New GHRH Agonist Protects Pancreatic Beta Cells from Diabetes Damage

Type 1 Diabetes is an autoimmune disease characterized by the progressive destruction of insulin-producing beta-cells in the pancreas, leading to severe hyperglycemia (high blood sugar). Current treatments primarily focus on insulin replacement, but there is a critical need for therapies that can preserve or restore beta-cell function. The compound streptozotocin (STZ) is widely used in research to chemically induce diabetes by selectively destroying beta-cells in animal models. This study addresses the knowledge gap of identifying novel agents that can protect beta-cells from damage and prevent diabetes onset.

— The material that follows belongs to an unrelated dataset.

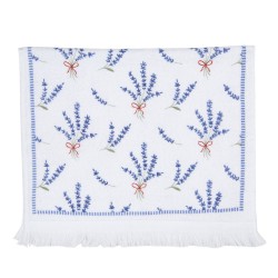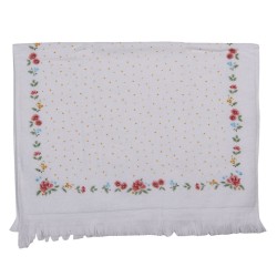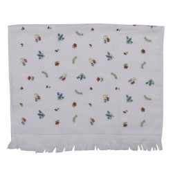 Uroczy ręcznik do rąk w stylu marynistycznym. Ozdobiony motywem trzech ryb i delikatnymi frędzlami. Idealny do łazienki nad morzem, domu w stylu coastal albo do kuchni w bieli. Wykonany z miękkiej bawełny. Praktyczny i dekoracyjny.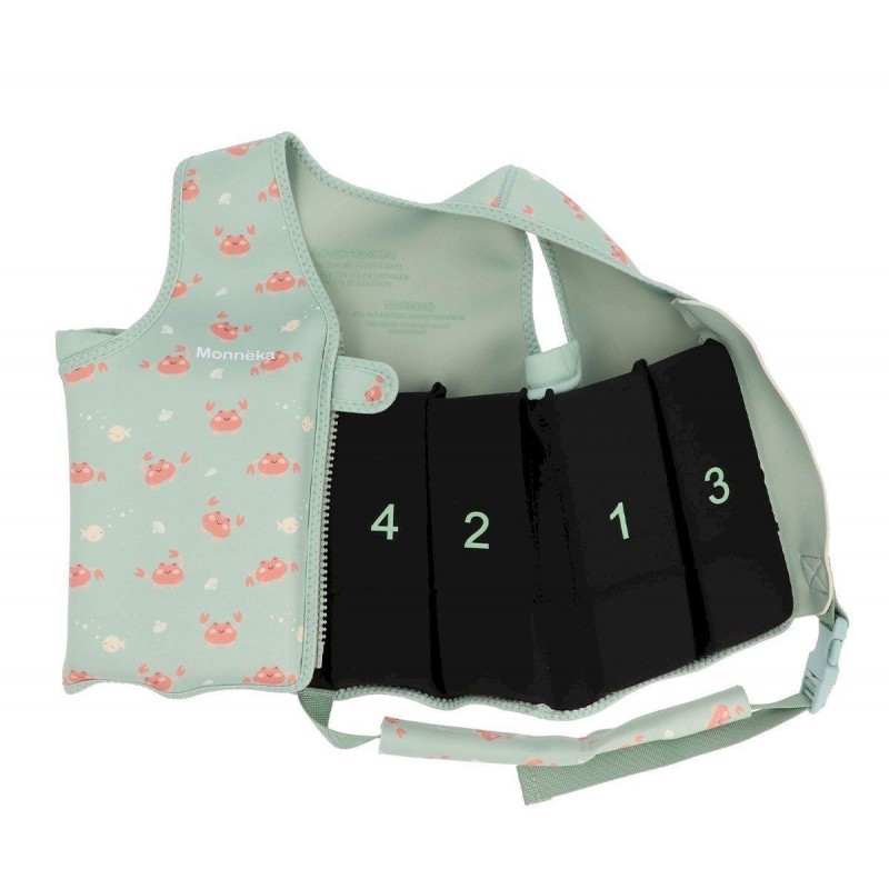 Este chaleco es un chaleco de aprendizaje ua que contiene 8 compartimientos en los cuales cada uno contiene 3 elementos de flotabilidad, en total 24 elementos de flotabilidad que podrás ir quitando a medida que nuestros pequeños mejores su autonomía en el agua.

Treatment with MR-409 significantly mitigated the development of STZ-induced diabetes. By day 14, MR-409-treated mice exhibited significantly lower fasting blood glucose levels, averaging 185 mg/dL, compared to 410 mg/dL in the untreated STZ group (p<0.001). This protective effect was accompanied by a 2.3-fold increase in circulating insulin levels in the MR-409 group compared to STZ controls (p<0.01). Histological analysis revealed that MR-409 preserved pancreatic beta-cell mass, showing 48% more viable beta-cells compared to the STZ-only group (p<0.001). MR-409 treatment resulted in a remarkable 65% reduction in hyperglycemia severity and significantly attenuated beta-cell apoptosis compared to untreated diabetic controls. Furthermore, MR-409 reduced markers of oxidative stress and inflammation within the pancreatic islets, indicating a multi-faceted protective mechanism.